-- Information shown follows --

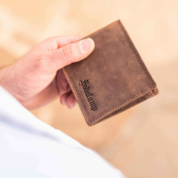Das ist ganz einfach: Wir fertigen unsere Geldbeutel ausschließlich per Hand aus echtem vollnarbigen Büffelleder, welches als das robusteste Leder der Welt gilt. Zusätzlich versiegeln wir durch die besondere Schleiftechnik die Oberfläche der Geldbeutel. Während der Verwendung unserer Geldbeutel entsteht dadurch eine lebendige Patina die den individuellen Charakter dieses ausdrucksstarken Leders unterstreicht.
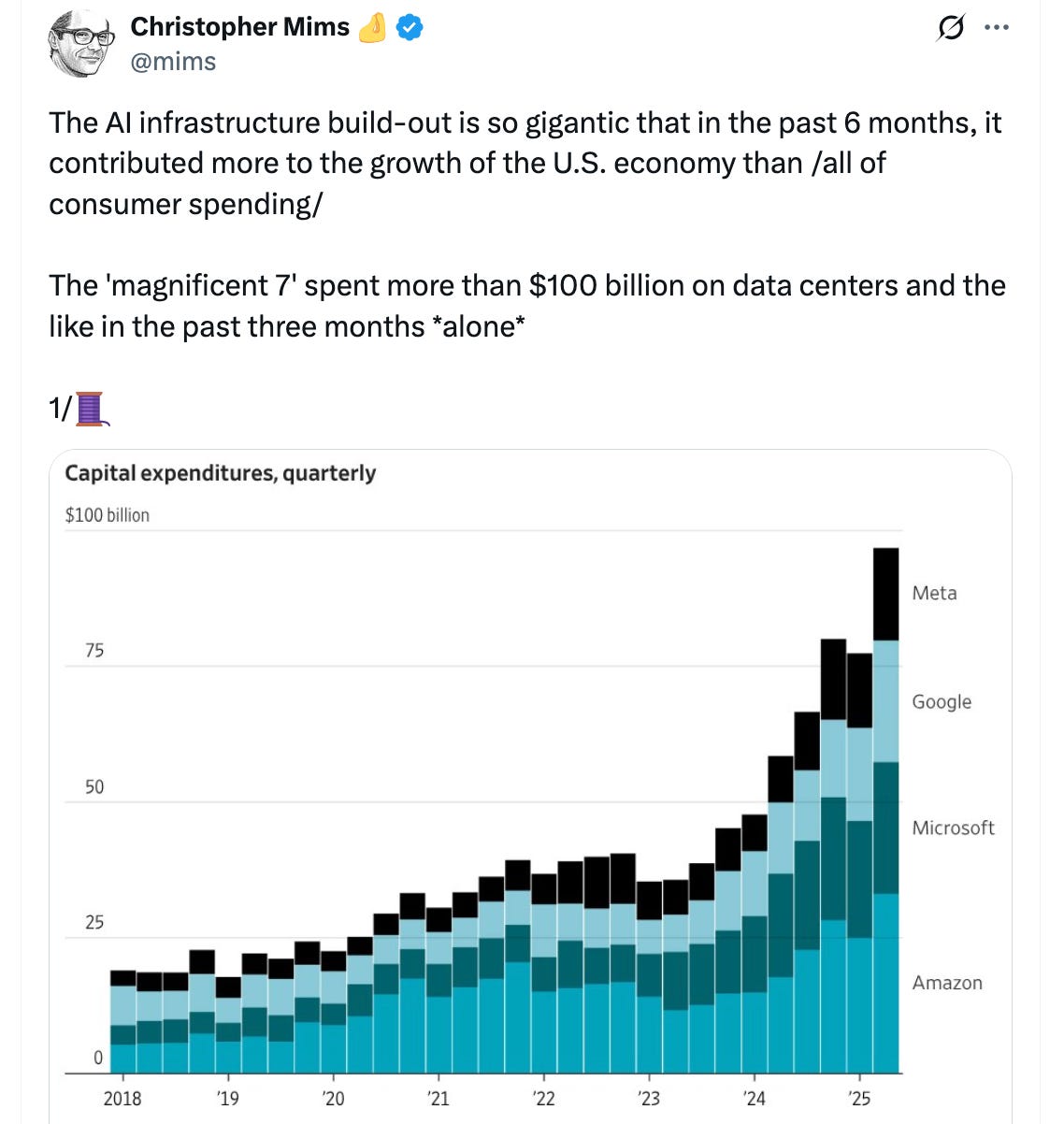 AI buildout is contributing more to measured economic growth than all of consumer spending.
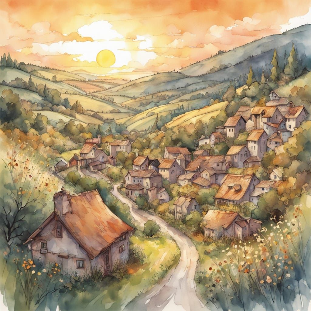 This image shows a quaint village set amidst rolling hills, bathed in warm golden light with vibrant gardens and blooming flowers, evoking a sense of nostalgia and enchantment.
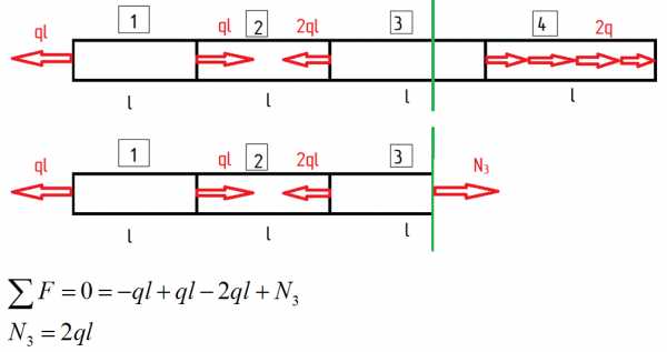 Перемещение верхнего сечения (3) сложится из смещения сечения (2) и абсолютной деформации Iго участка:
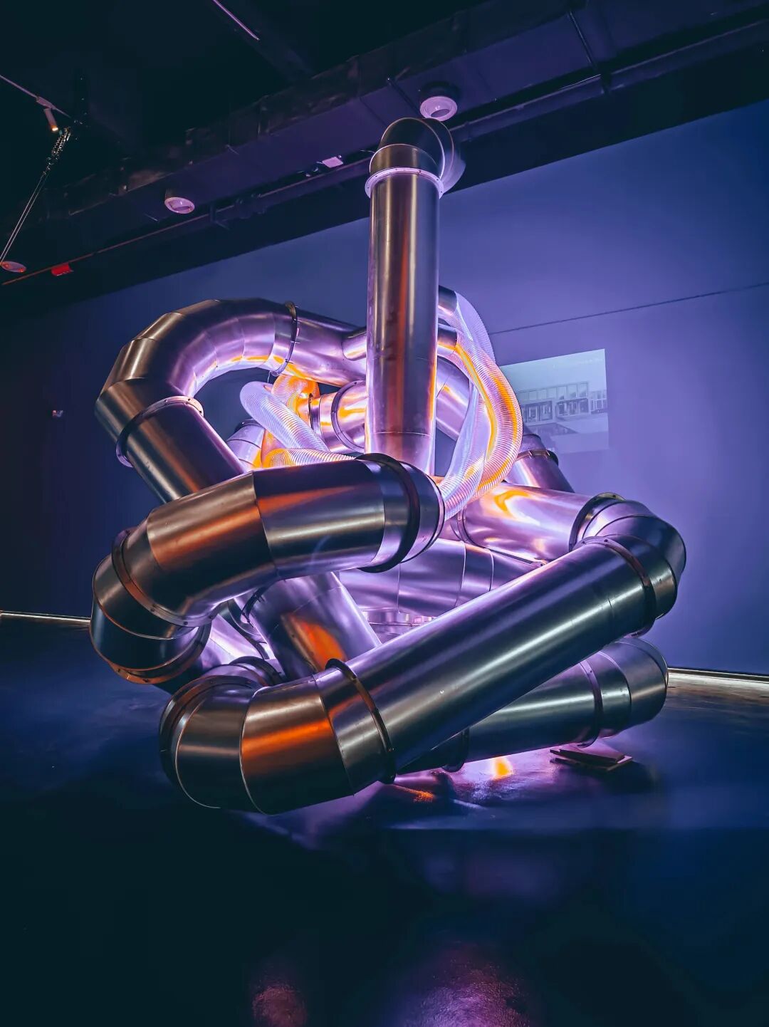 由众建筑的何哲、沈海恩与臧峰创作的“阈限北京”,通过相互连接的管道将不同时空的北京相连起来。(图片:@怪脾气的周一叔叔 小红书)

-- Information shown concluded --

### [About this exercise]
Give the data again word for word, without images.

### [Solution to this exercise]
Das ist ganz einfach: Wir fertigen unsere Geldbeutel ausschließlich per Hand aus echtem vollnarbigen Büffelleder, welches als das robusteste Leder der Welt gilt. Zusätzlich versiegeln wir durch die besondere Schleiftechnik die Oberfläche der Geldbeutel. Während der Verwendung unserer Geldbeutel entsteht dadurch eine lebendige Patina die den individuellen Charakter dieses ausdrucksstarken Leders unterstreicht.
 AI buildout is contributing more to measured economic growth than all of consumer spending.
 This image shows a quaint village set amidst rolling hills, bathed in warm golden light with vibrant gardens and blooming flowers, evoking a sense of nostalgia and enchantment.
 Перемещение верхнего сечения (3) сложится из смещения сечения (2) и абсолютной деформации Iго участка:
 由众建筑的何哲、沈海恩与臧峰创作的“阈限北京”,通过相互连接的管道将不同时空的北京相连起来。(图片:@怪脾气的周一叔叔 小红书)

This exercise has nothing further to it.